While repairs proceed inside cells, disrupted external structures are restored on the basis information obtained during the ice removal process. Torn membranes are mended, disrupted cell connections restored, and gross fractures are repaired by microscopic surgeons which operate at a level a million times finer and more sophisticated than surgeons today. Where cells have been lost due to aging or other injury, new ones are fabricated and proper connections made. Gradually, over the course of several months, the patient’s brain is restored to a healthy state.

As repairs near completion, larger devices are removed, capillary membranes are repaired, and the network of nanocomputers and communications fibers is disassembled. A blood supply grown from the patient’s own cells by the revival unit now begins to circulate, and the temperature is stabilized at 37øC (98.6øF). Cell metabolism is restarted by selective unblocking of enzymes inhibited during the repair process, although consciousness is still suppressed by circulating chemicals which inhibit critical steps in nerve cell metabolism. The patient — an exposed pearly white brain floating within the womb of the revival unit — is now ready for the final phase of the revival process.

On the surface of his brain a single cell begins to divide. Unlike the cancer which threatened the patient’s life, the division of this cell is orderly and planned to restore life. A layer of dividing cells covers the restored but unconscious brain. The cells begin to differentiate, and slowly, like a newly conceived child, a body begins to take shape within the revival unit.

Awakening

Just a little over a year from the start of the revival procedure, the patient awakens in his hospital bed. He returns to consciousness slowly, suffused in a warmth and sense of security which seems strangely at variance with his remembered prognosis. His last memory is of going to sleep a few days before his suspension over a century ago. He slowly opens his eyes and is greeted by a face that seems strangely familiar but which he cannot quite place.

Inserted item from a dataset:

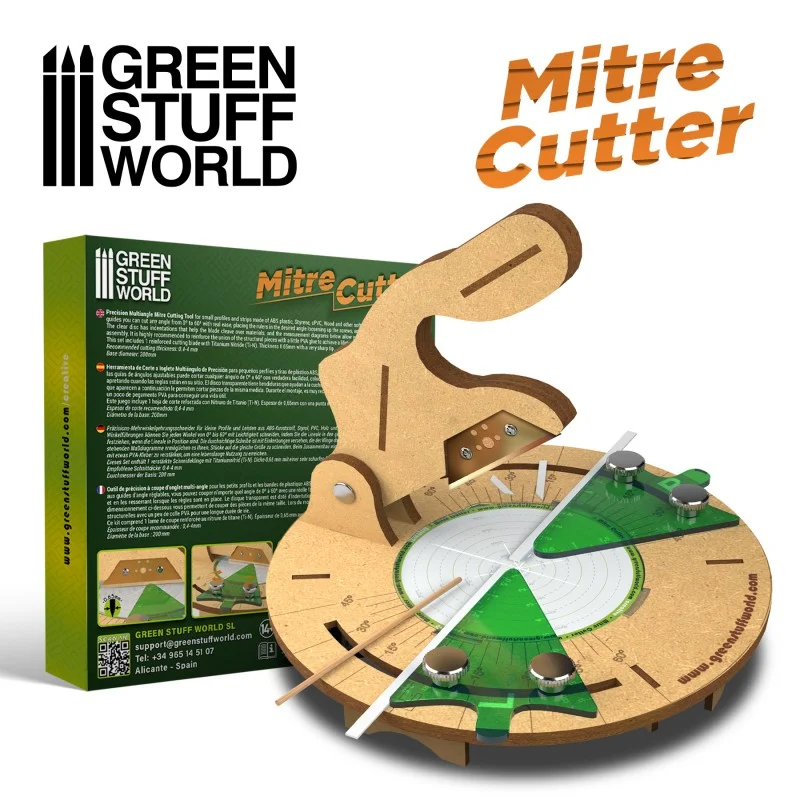 MDF MITRE CUTTER TOOL Precision Multiangle Mitre Cutting Tool for small profiles and strips made of ABS plastic, Styrene, uPVC, Wood, and other soft materials. Using the adjustable angles guides you can cut any angle from 0º to 60º with real ease, placing the rulers in the desired angle loosening up the screws, and tightening when the rulers are in place. The clear disc has indentations that help the blade cleave over materials, and the measurement diagrams below allow you to cut pieces to the same size. During assembly, It is highly recommended to reinforce the union of the structural pieces with a little PVA glue to achieve a lifetime of use. This set includes 1 reinforced cutting blade with Titanium Nitride (Ti-N). Blade thickness 0.65mm with a very sharp tip. Recommended cutting thickness: 0.4-4 mm Base diameter: 200mm Total weight: 400gr.

A familiar voice calls out his name. Instantly there is recognition. It is his wife. But she is not as she was. She is young and beautiful again. More beautiful even than he remembered. An instant before he was trapped in a dying body. Now, he is alive and well and looking into the eyes of someone he loves. He glances down at has his hands and at the contours of the sheet covering his body. He too is young again. He has made the trip successfully.

In an instant, in the blink of an eye he has found his way into the future. An open-ended future of unlimited lifespan and unbounded possibilities.